There are a lot of smaller things that we can try in our business, yet we often find it completely overwhelming to get moving with them. We plan, re-plan and then plan again. We talk to people to make sure our plans are good. Self-doubt creeps in and before you know it, no progress has been made. And then life gets in the way, and the ideas that can drive our business forwards die.

But it doesn’t have to be this way. Improving and growing a business doesn’t have to be an all-consuming project where everything is at stake. What if everything you tried was just an experiment?

Experiments are manageable. There is little risk in experiments. You try them and if they don’t work, you try something else.

When you think of every new thing as an experiment, it frees your mind from the fear that it might fail. Because if it fails, so what? You have another experiment to try.

Before we go further, there’s one important thing to note: experiments don’t mean you get free rein to try every idea that comes into your head. The best ideas are based on customer and market research. In other words, you know there is a need out there that you can fill. But experiments give you space to try different ways to filling those needs, and different ways to make more people aware of them.

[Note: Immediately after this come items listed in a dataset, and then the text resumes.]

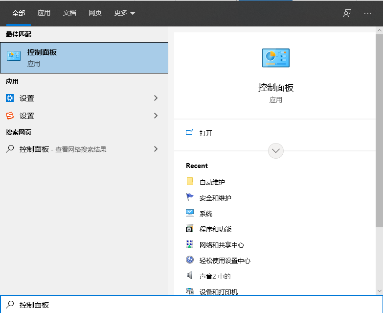 1、按下win+S,输入“控制面板”,点击进入控制面板。
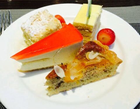 经朋友的多次推荐,抱着跃试的心态品尝了这边的特色甜品及菜色,为此有了以下的体会(此评论非刷好评,但是给吃货们感受提供一处地),1,交通不错,临近各处路线,地理位置较为显眼,环境气氛很好,2,菜品味道极佳,非常推荐自助餐和糕点,值得尝尝,再有一点,服务质量也不错,服务也很及时,笑脸相迎,总之心情会很好。
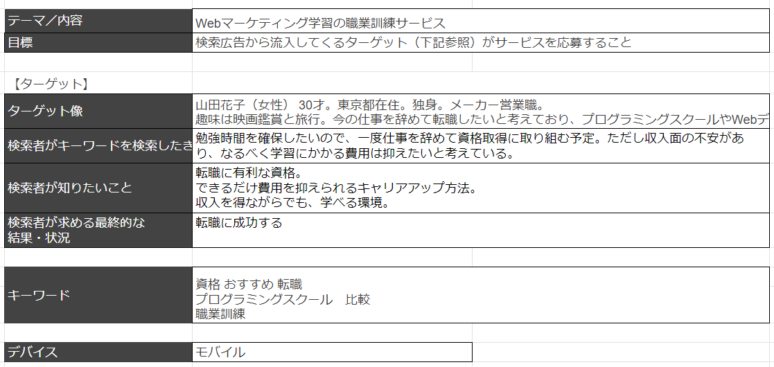①制作するLPのターゲット/キーワード/デバイスを決定

When it comes to managing experiments, I like to keep it simple and define the important stages this way:

  1. Ideas
  2. In Progress
  3. Analyse
  4. Complete

There are lots of tools you can use to store experiments in stages like this. Some people use Trello. Some people use pen and paper. I use Ulysses. Why Ulysses? Because it is the tool I use every day anyway. I use it to write all of my content and books. And it works beautifully for this, but you could use any other tool.

Ideas

This is where I keep a record of all of the experiments that I want to try. I’ll revisit them many times as I gather information. I’ll jot down what I want to achieve, why it is important and a few first action steps.

In Play

I’ll generally have a couple of experiments in play at any one time. In play just means they are in progress – that I’m in the middle of implementing them.

At this point, I’ll create a project in my task manager (Things) and copy the action steps. This allows me to knock off a task or two per day as I work through implementing this experiment.

Analysis

Once an experiment is fully implemented, it goes into the analysis phase. At this stage, I want to check if the experiment was successful or not. Normally that involves checking analytics. It may take some time to gather enough data to know if this was a success or not. Don’t sweat it, an experiment can sit in this phase for as long as it takes for you to feel comfortable that it worked (or didn’t).

Complete

At this point, you have implemented the experiment and have enough data to know whether it was successful or not. Keeping them in a place along with all your other completed experiments gives you a handy place to refer back to. Depending on your business, you might even decide to share them publicly. And completed experiments often generate ideas for new experiments, especially if you want to go up a level again.

Wrapping up

When you are running a business, it is important to keep moving. Don’t let decision paralysis prevent you from going forwards. Treating growth ideas as experiments instead of make or break projects is a tremendous way to break the fear cycle and just start doing. You’ll get far greater clarity while in the process of doing and experiment then you ever fill with never ending planning.